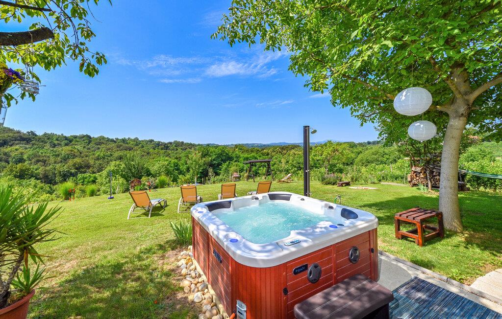 Erleben Sie Momente der Entspannung im Whirlpool im Freien mit Blick auf die wunderschönen grünen Hügel. Die offene Terrasse lädt zum Lesen, gemeinsamen Mahlzeiten oder Sonnenbaden ein.
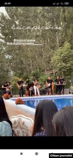 Андижондаги хусусий бу тадбир ҳақида Муниса Ризаева ўз Instagram саҳифасида сурат ва видеоларни улашди.
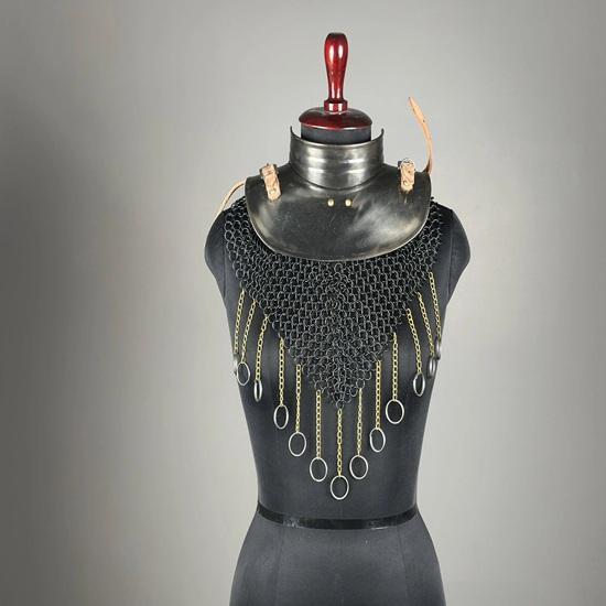 Otantik şövalye zırhı ve zarif kadın tasarımının çarpıcı bir birleşimi olan Cesur Hanım Zırh Yaka ile korkusuz bir orta çağ savaşçısının yerine geçin.. Güç ve stil için üretilmiş bu boyun zırhı (boyun zırhı) Gösterişli bir çelik göğüs zırhını karmaşık zincir zırhla eşleştirerek, kostümler, koleksiyon eşyaları veya güçlendirici hediyeler için mükemmel, göz kamaştırıcı bir parça oluşturur.. İster bir Rönesans fuarını yönetiyor, ister bir cosplay yarışmasına damgasını vuruyor, ister cesaretin bir sembolünü saklıyor olsun, bu zırh onun en üst düzey aksesuarıdır.
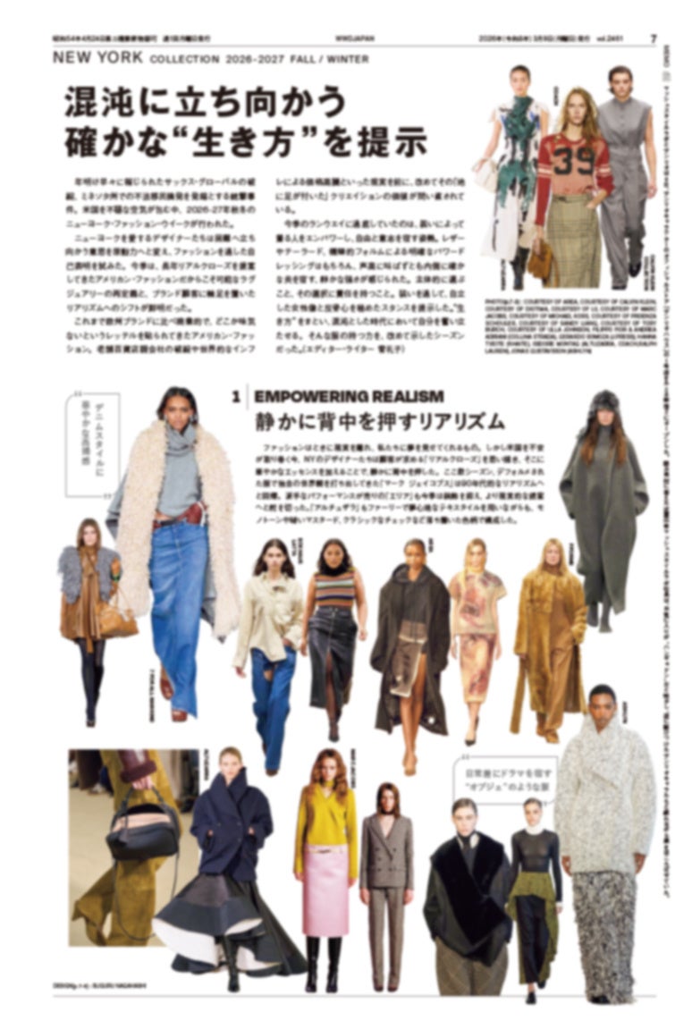 一方のニューヨークからは、今の時代を映し出す3つのスタイルキーワードが浮上しました。リアルクローズをベースに無理のない装飾を添えた「エンパワリング・リアリズム」、ビンテージへの愛を現代の視点で再定義する「リ・ヒューマナイズド・クラシックス」、そして情勢不安に対する意思表明としての「ステートメン・ドレッシング」。これらを代表的なルックとともに詳細に解説するほか、ノードストロームやバーグドルフ・グッドマンといった海外有力店バイヤーによるコレクション評も必読です。
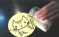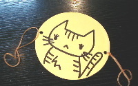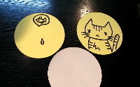 P7100014s_14.jpg Cut two pieces of paper into a circular shape of the same size as the board piece. You can do this by tracing the board piece on the paper twice, then cutting along the outlines. Draw a picture on each piece of paper. In this example, there is a cat on one piece and a teardrop and fishbowl on the other piece.
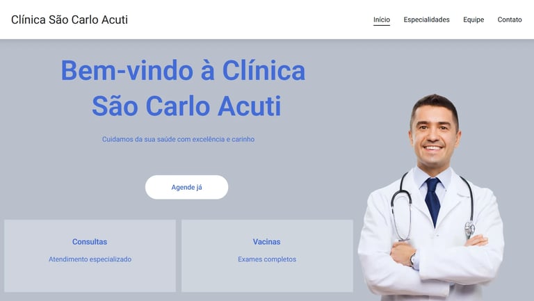 Site com design limpo, responsivo, rápido e fácil de usar em qualquer dispositivo. Cada detalhe foi pensado para apresentar a clínica de forma profissional e confiável, do agendamento online à apresentação de serviços.
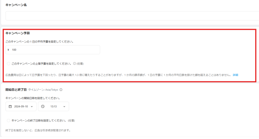 ※ 設定しない場合、予算が原因でキャンペーン配信は停止されません。
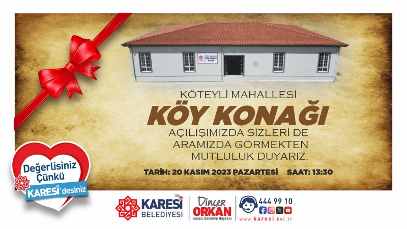 Kırsal mahallelerin 'köy odası' geleneğini inşa ettiği modern köy konakları ile gelecek kuşaklara aktaran Karesi Belediyesi, Köteyli ve Aktarma Mahalleleri’nin köy konaklarını açmak için gün sayıyor. İlk olarak 20 Kasım Pazartesi günü Köteyli Köy Konağı hizmete alınacak.
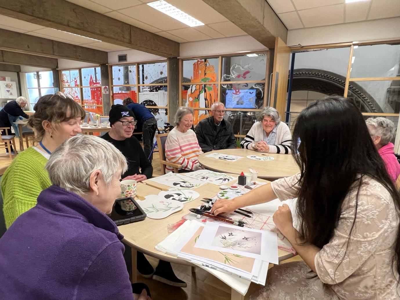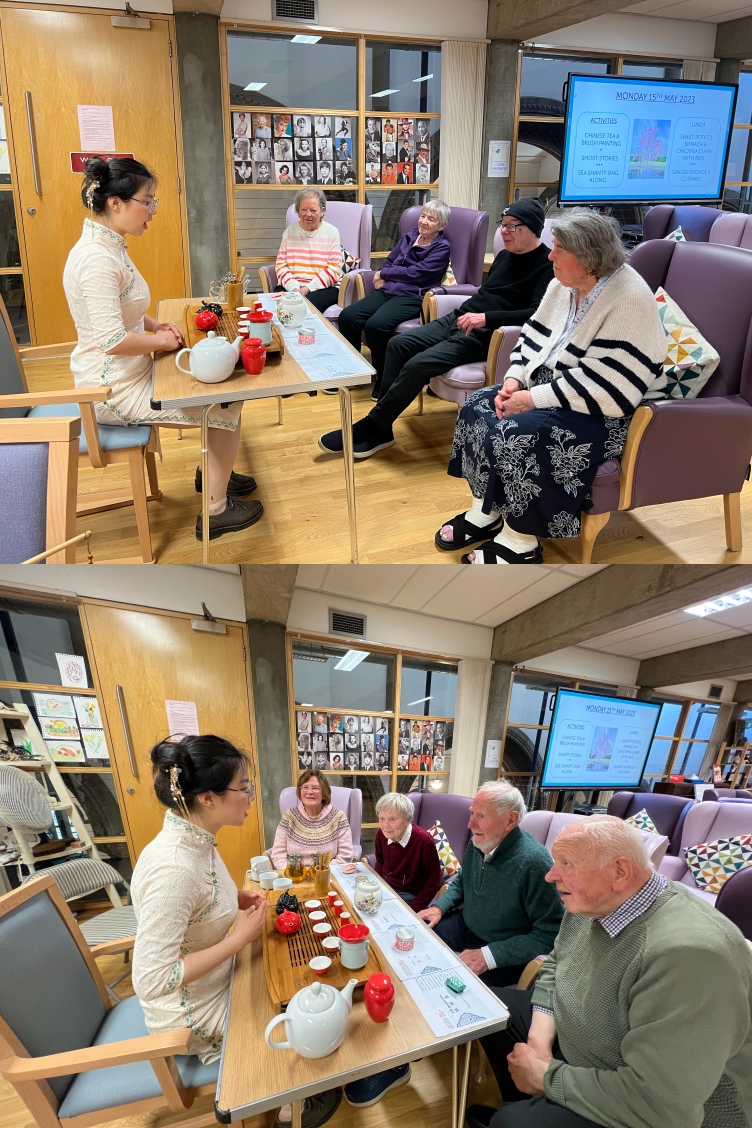 近日,苏格兰商务与交流孔子学院应爱丁堡李爱锐慈善中心邀请,为老年人日间照料中心举办汉语学习与中国文化活动。孔院中方员工展示了中国茶艺和书法绘画,中心老人非常喜爱中国茶和渊远流长的茶文化,绘画大熊猫和学写“竹”字也吸引了大家的注意力,纷纷参与其中。通过活动,老年人了解了汉语的基本声调和笔画,更好地认识了中国文化。
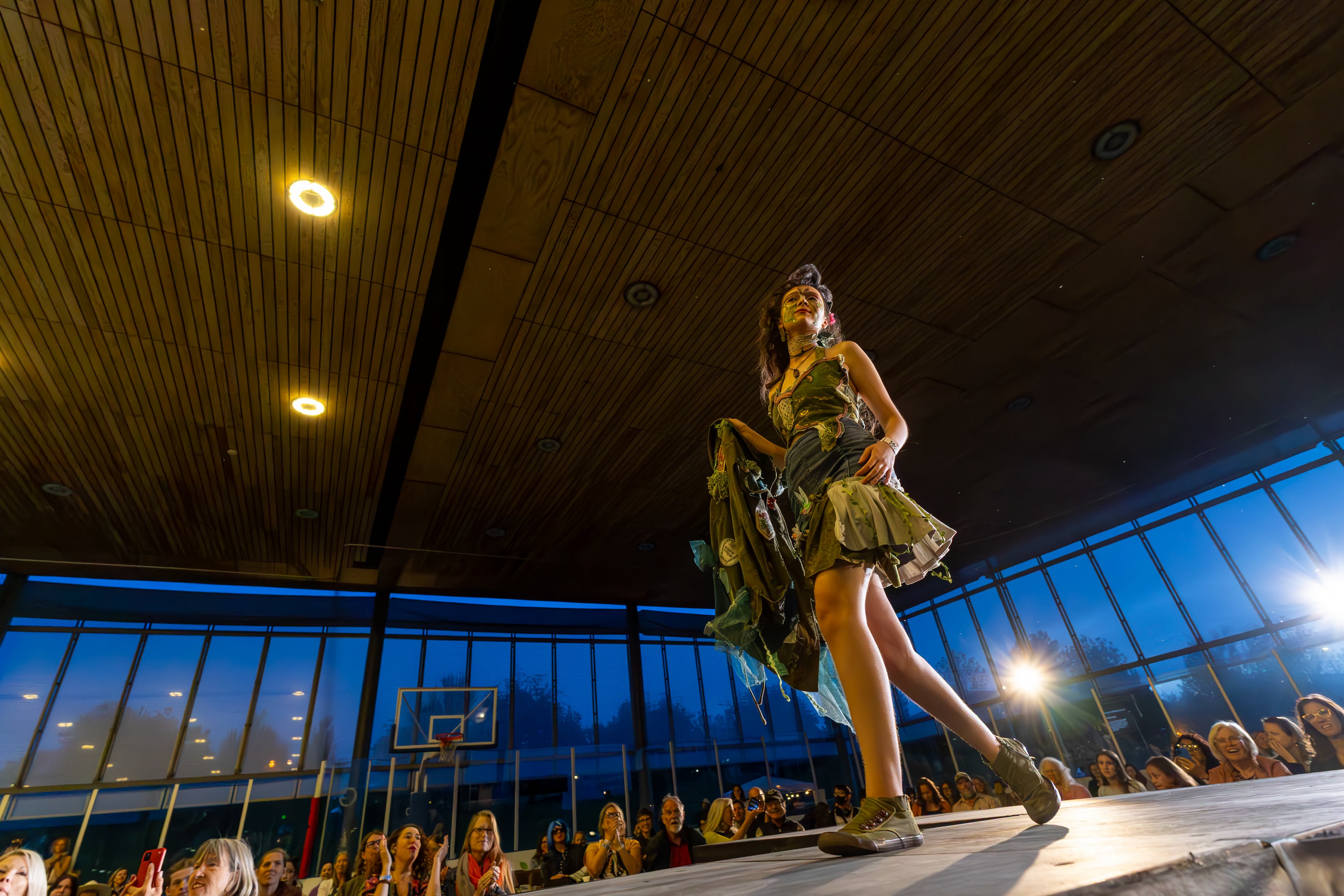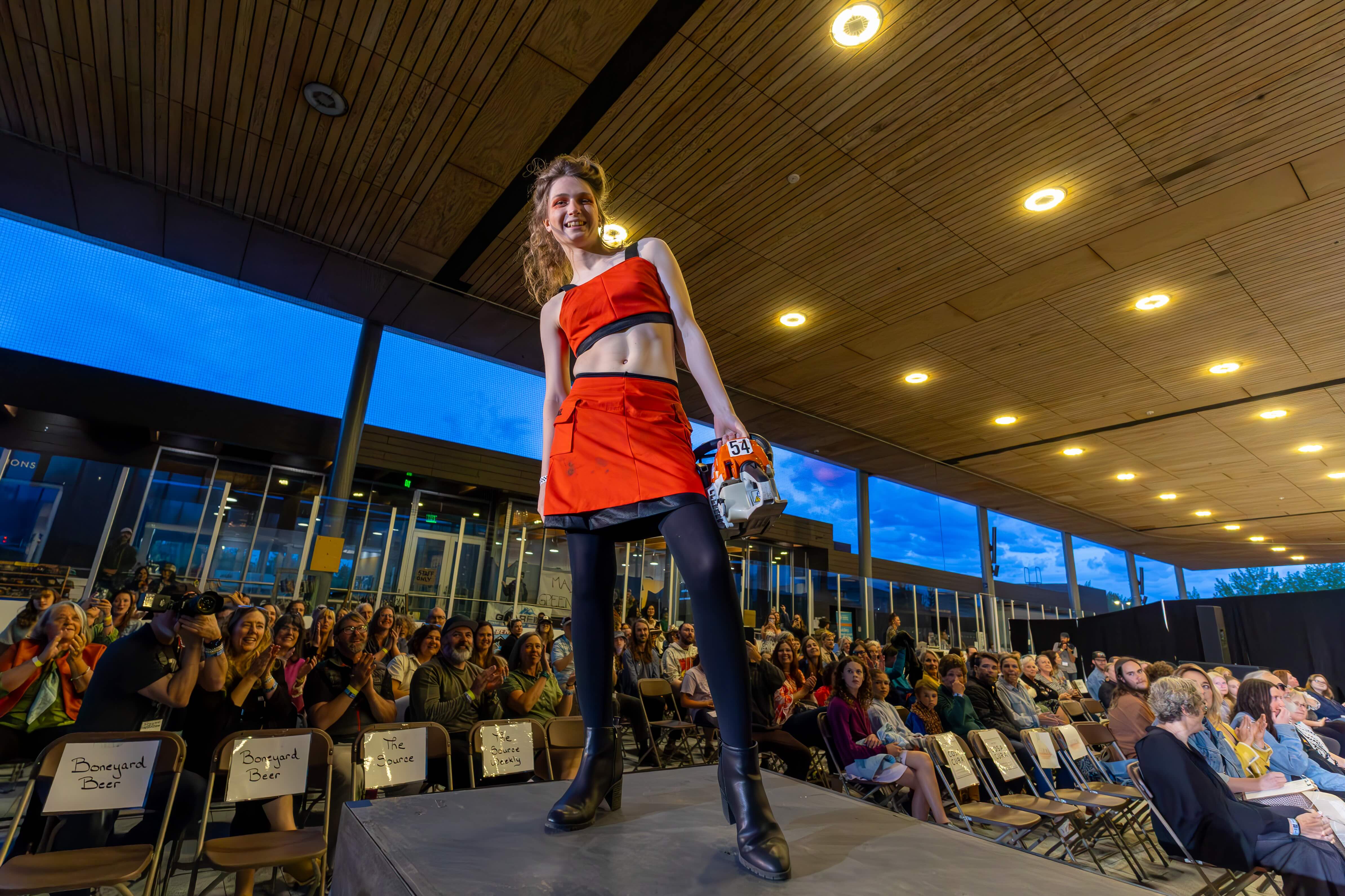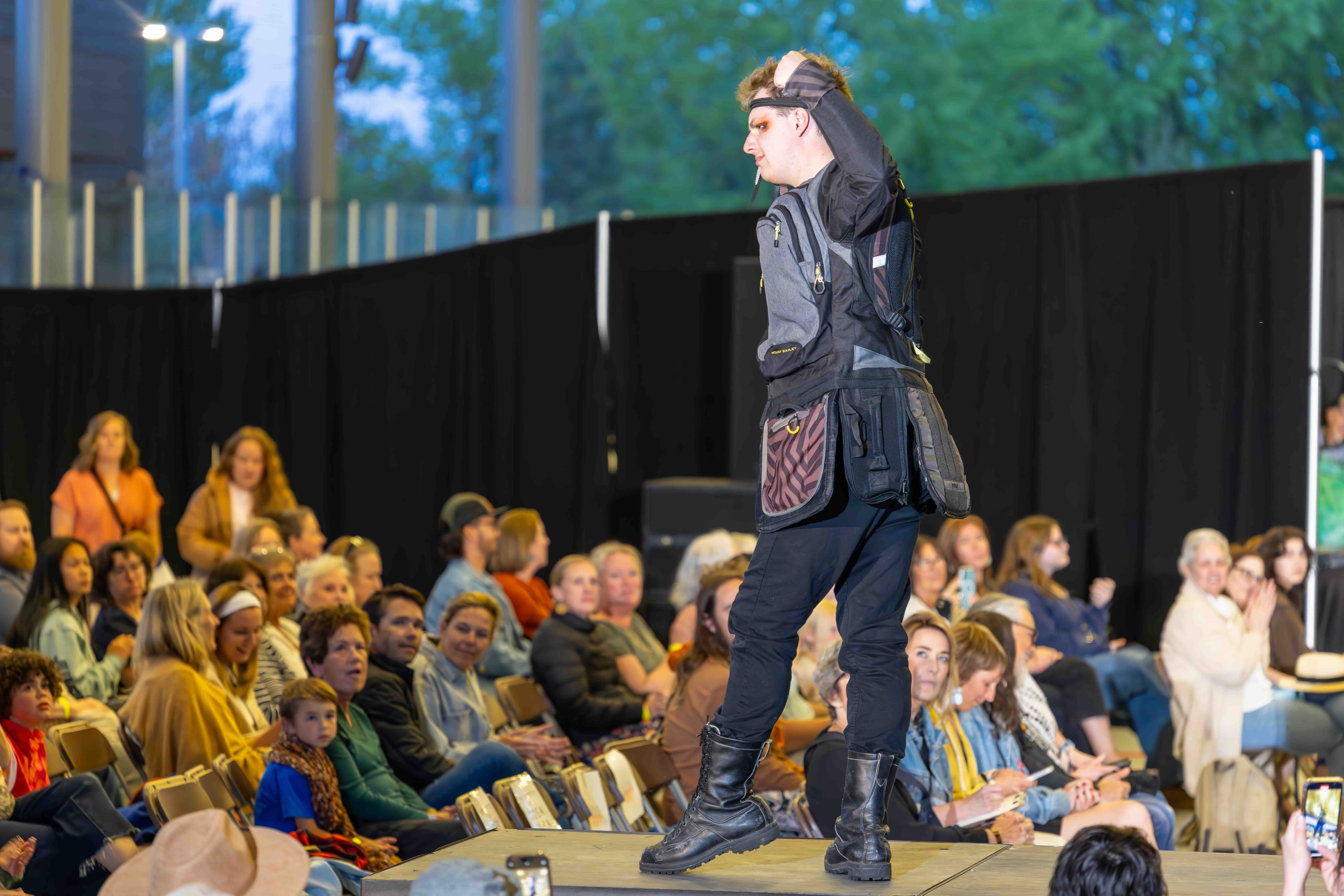 “STIHL IN FASHION” Designer/Model: Grace Robin Materials: Retired chainsaw chaps. Garment Description: Working in conservation is all about being a caretaker of the natural world, making the disposal of damaged chainsaw chaps stand out to me as a waste. Due to safety concerns, chaps must be retired once sufficiently damaged, and in many cases cannot be repaired. This led me to imagine a second, stylish life for these pairs of PPE. One with a different but just as important way of aiding our environment, inspiration.

•••••

In your copy of the data above, leave out the pictures and repeat everything else exactly.

 Erleben Sie Momente der Entspannung im Whirlpool im Freien mit Blick auf die wunderschönen grünen Hügel. Die offene Terrasse lädt zum Lesen, gemeinsamen Mahlzeiten oder Sonnenbaden ein.
 Андижондаги хусусий бу тадбир ҳақида Муниса Ризаева ўз Instagram саҳифасида сурат ва видеоларни улашди.
 Otantik şövalye zırhı ve zarif kadın tasarımının çarpıcı bir birleşimi olan Cesur Hanım Zırh Yaka ile korkusuz bir orta çağ savaşçısının yerine geçin.. Güç ve stil için üretilmiş bu boyun zırhı (boyun zırhı) Gösterişli bir çelik göğüs zırhını karmaşık zincir zırhla eşleştirerek, kostümler, koleksiyon eşyaları veya güçlendirici hediyeler için mükemmel, göz kamaştırıcı bir parça oluşturur.. İster bir Rönesans fuarını yönetiyor, ister bir cosplay yarışmasına damgasını vuruyor, ister cesaretin bir sembolünü saklıyor olsun, bu zırh onun en üst düzey aksesuarıdır.
 一方のニューヨークからは、今の時代を映し出す3つのスタイルキーワードが浮上しました。リアルクローズをベースに無理のない装飾を添えた「エンパワリング・リアリズム」、ビンテージへの愛を現代の視点で再定義する「リ・ヒューマナイズド・クラシックス」、そして情勢不安に対する意思表明としての「ステートメン・ドレッシング」。これらを代表的なルックとともに詳細に解説するほか、ノードストロームやバーグドルフ・グッドマンといった海外有力店バイヤーによるコレクション評も必読です。
 P7100014s_14.jpg Cut two pieces of paper into a circular shape of the same size as the board piece. You can do this by tracing the board piece on the paper twice, then cutting along the outlines. Draw a picture on each piece of paper. In this example, there is a cat on one piece and a teardrop and fishbowl on the other piece.
 Site com design limpo, responsivo, rápido e fácil de usar em qualquer dispositivo. Cada detalhe foi pensado para apresentar a clínica de forma profissional e confiável, do agendamento online à apresentação de serviços.
 ※ 設定しない場合、予算が原因でキャンペーン配信は停止されません。
 Kırsal mahallelerin 'köy odası' geleneğini inşa ettiği modern köy konakları ile gelecek kuşaklara aktaran Karesi Belediyesi, Köteyli ve Aktarma Mahalleleri’nin köy konaklarını açmak için gün sayıyor. İlk olarak 20 Kasım Pazartesi günü Köteyli Köy Konağı hizmete alınacak.
 近日,苏格兰商务与交流孔子学院应爱丁堡李爱锐慈善中心邀请,为老年人日间照料中心举办汉语学习与中国文化活动。孔院中方员工展示了中国茶艺和书法绘画,中心老人非常喜爱中国茶和渊远流长的茶文化,绘画大熊猫和学写“竹”字也吸引了大家的注意力,纷纷参与其中。通过活动,老年人了解了汉语的基本声调和笔画,更好地认识了中国文化。
 “STIHL IN FASHION” Designer/Model: Grace Robin Materials: Retired chainsaw chaps. Garment Description: Working in conservation is all about being a caretaker of the natural world, making the disposal of damaged chainsaw chaps stand out to me as a waste. Due to safety concerns, chaps must be retired once sufficiently damaged, and in many cases cannot be repaired. This led me to imagine a second, stylish life for these pairs of PPE. One with a different but just as important way of aiding our environment, inspiration.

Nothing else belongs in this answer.